## Required action
Write the listing out once more, identical to the original but without pictures.

## Source data
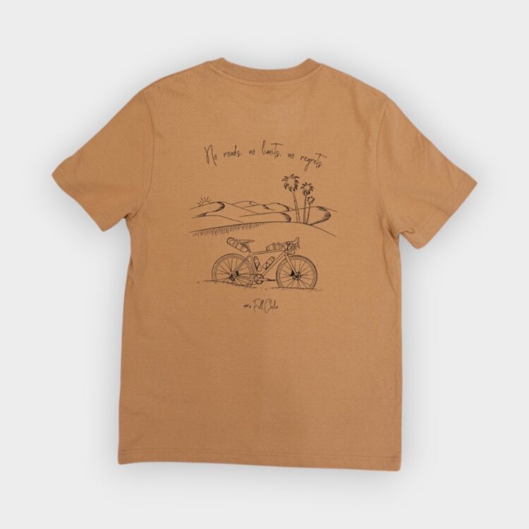 Inspirada en la experiencia de cruzar Fuerteventura en bicicleta de gravel y en autosuficiencia, esta camiseta representa esa sensación única de libertad total que solo se alcanza pedaleando por caminos de tierra, dunas y silencio. “No Roads, No Limits” no es solo un lema: es una declaración de principios para quienes viven a su ritmo y sin ataduras.
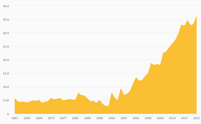 Apple Consumption Per Capita rose 9.30% to 36.2 kg in Albania in 2021
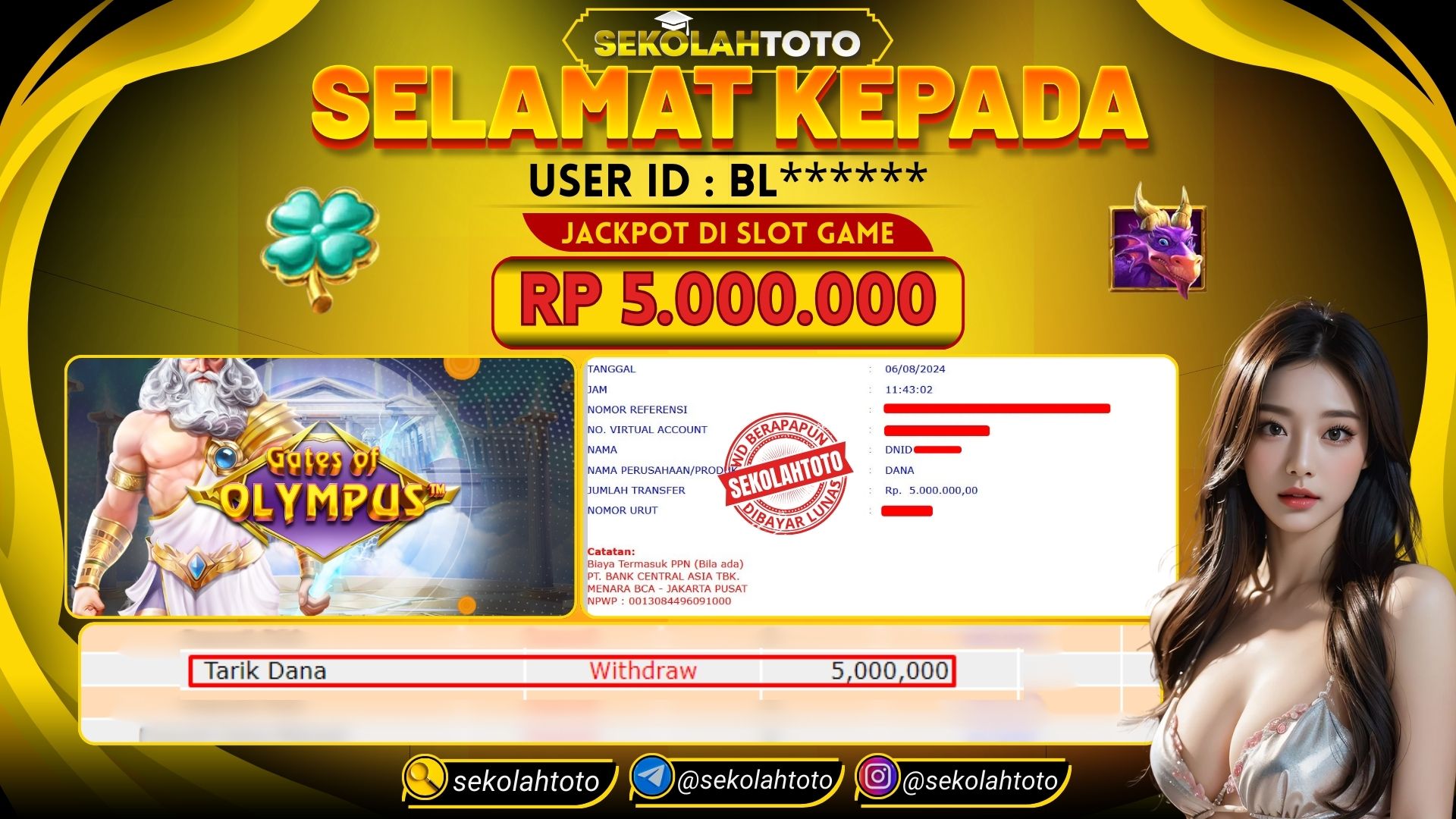 BUKTI PEMBAYARAN JACKPOT SLOT 6 Agustus 2024 Posted by kepsektoto PRAGMATIC PLAY SELASA, 06 Agustus 2024 RP. 5.000.000,- Selamat Kepada Pemenang. Salam JP, Sekolahtoto ! Updated: 6 Agustus 2024 at 16:09 ◀ BUKTI PEMBAYARAN JACKPOT TOGEL BUKTI PEMBAYARAN JACKPOT SLOT ▶

## Result of this exercise
 Inspirada en la experiencia de cruzar Fuerteventura en bicicleta de gravel y en autosuficiencia, esta camiseta representa esa sensación única de libertad total que solo se alcanza pedaleando por caminos de tierra, dunas y silencio. “No Roads, No Limits” no es solo un lema: es una declaración de principios para quienes viven a su ritmo y sin ataduras.
 Apple Consumption Per Capita rose 9.30% to 36.2 kg in Albania in 2021
 BUKTI PEMBAYARAN JACKPOT SLOT 6 Agustus 2024 Posted by kepsektoto PRAGMATIC PLAY SELASA, 06 Agustus 2024 RP. 5.000.000,- Selamat Kepada Pemenang. Salam JP, Sekolahtoto ! Updated: 6 Agustus 2024 at 16:09 ◀ BUKTI PEMBAYARAN JACKPOT TOGEL BUKTI PEMBAYARAN JACKPOT SLOT ▶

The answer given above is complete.